Josh Walker, president and co-founder of Sports Innovation lab, is a former vice-president at Forrester Research and a serial entrepreneur in the software space. He’s looking to develop software that can be more prescriptive in guiding sports tech vendors. But first, he needs the data.

“Focus on the baseline is something we’ll be telling our members,” he says. “Collect that data you need to start measuring human performance.”

Ruggiero and Walker shared some insights from a research report they developed with the CTA, Tracking Trends in Sports Technology: A Sports Technology Market Outlook. The full report is available to members only. But the founders shared details on their five core areas of focus.

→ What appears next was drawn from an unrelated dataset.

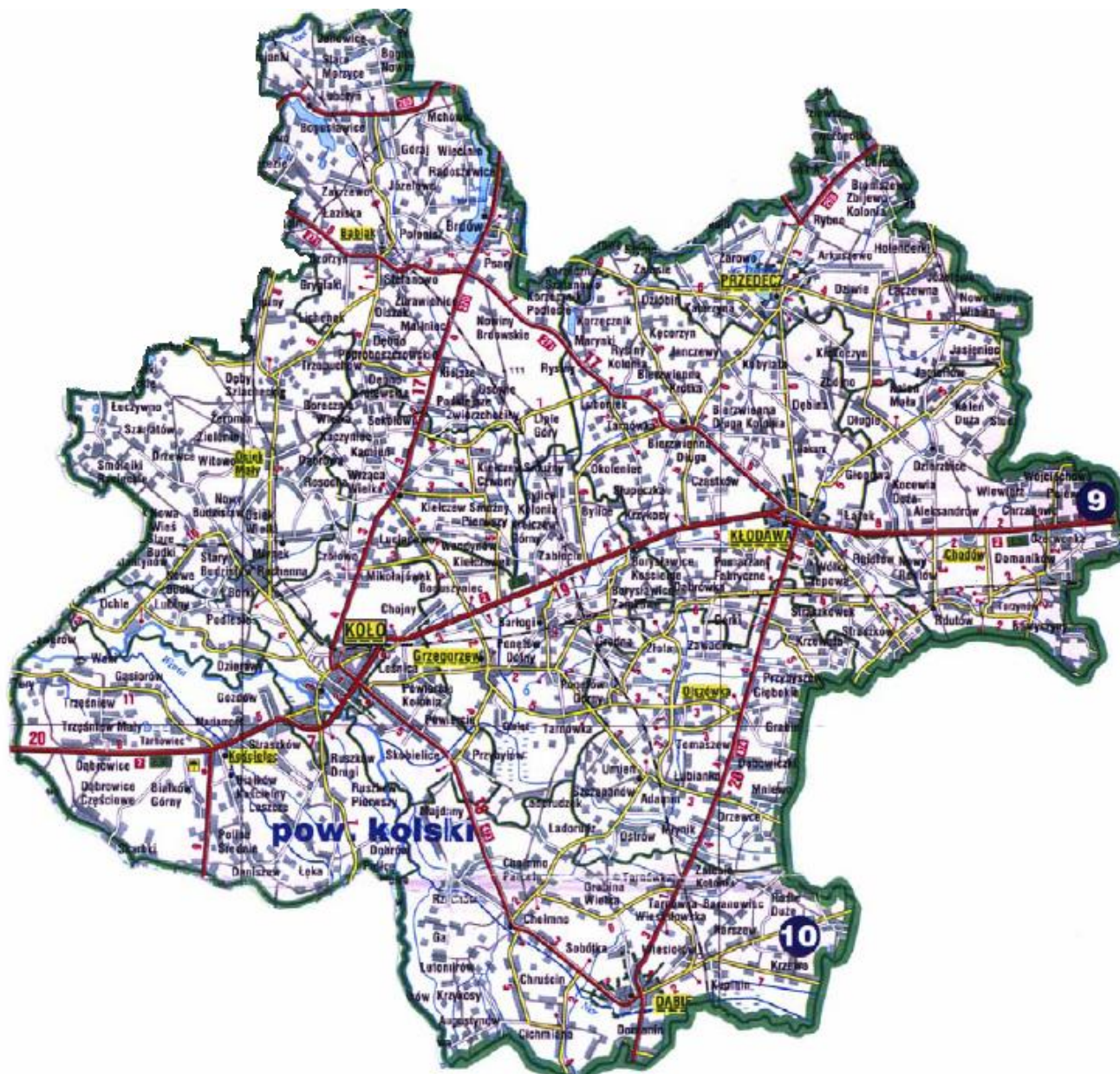
Rysunek 2 Gminy należące do Związku Międzygminnego „Kolski Region Komunalny”.

Do Związku Międzygminnego „Kolski Region Komunalny” należą wszystkie gminy powiatu kolskiego. Region położony jest we wschodniej części województwa wielkopolskiego. Graniczy od zachodu z powiatem konińskim i tureckim województwa wielkopolskiego a od wschodu z gminami województwa kujawsko-pomorskiego i łódzkiego.

  • Understanding esports and what lessons it holds for fan engagement. “I was a skeptic at first,” Ruggiero says. “But I started learning about this and I’m a believer now.” While traditional sports may not be disrupted by the new trend of competitive video games attracting large audiences, they should be paying attention to how its stars are building up fan bases.
  • Experimenting with immersive media. VR content may seem flashy, but without the right content it’s not going to be compelling, Walker says. Companies looking to create VR experiences in the sports area will find that all the major leagues have their rights locked up. So they will have to look to more niche sports, or find opportunities around the pro sports experience – such as going inside the locker room.
  • Building smart venues with security at the outset. Any stadium operators must make sure that stadium security – namely cyber security – is well implemented before building more connected fan experiences on top of that, Walker says.
  • Redefining sponsorship categories. “When I was an athlete, you’d show up at an event to play and there was really limited time to spend with fans,” Ruggiero said. “Now you have to be tweeting every day.” Technology is leading to entirely new experiences with athletes that creates sponsorship space that hasn’t been explored previously.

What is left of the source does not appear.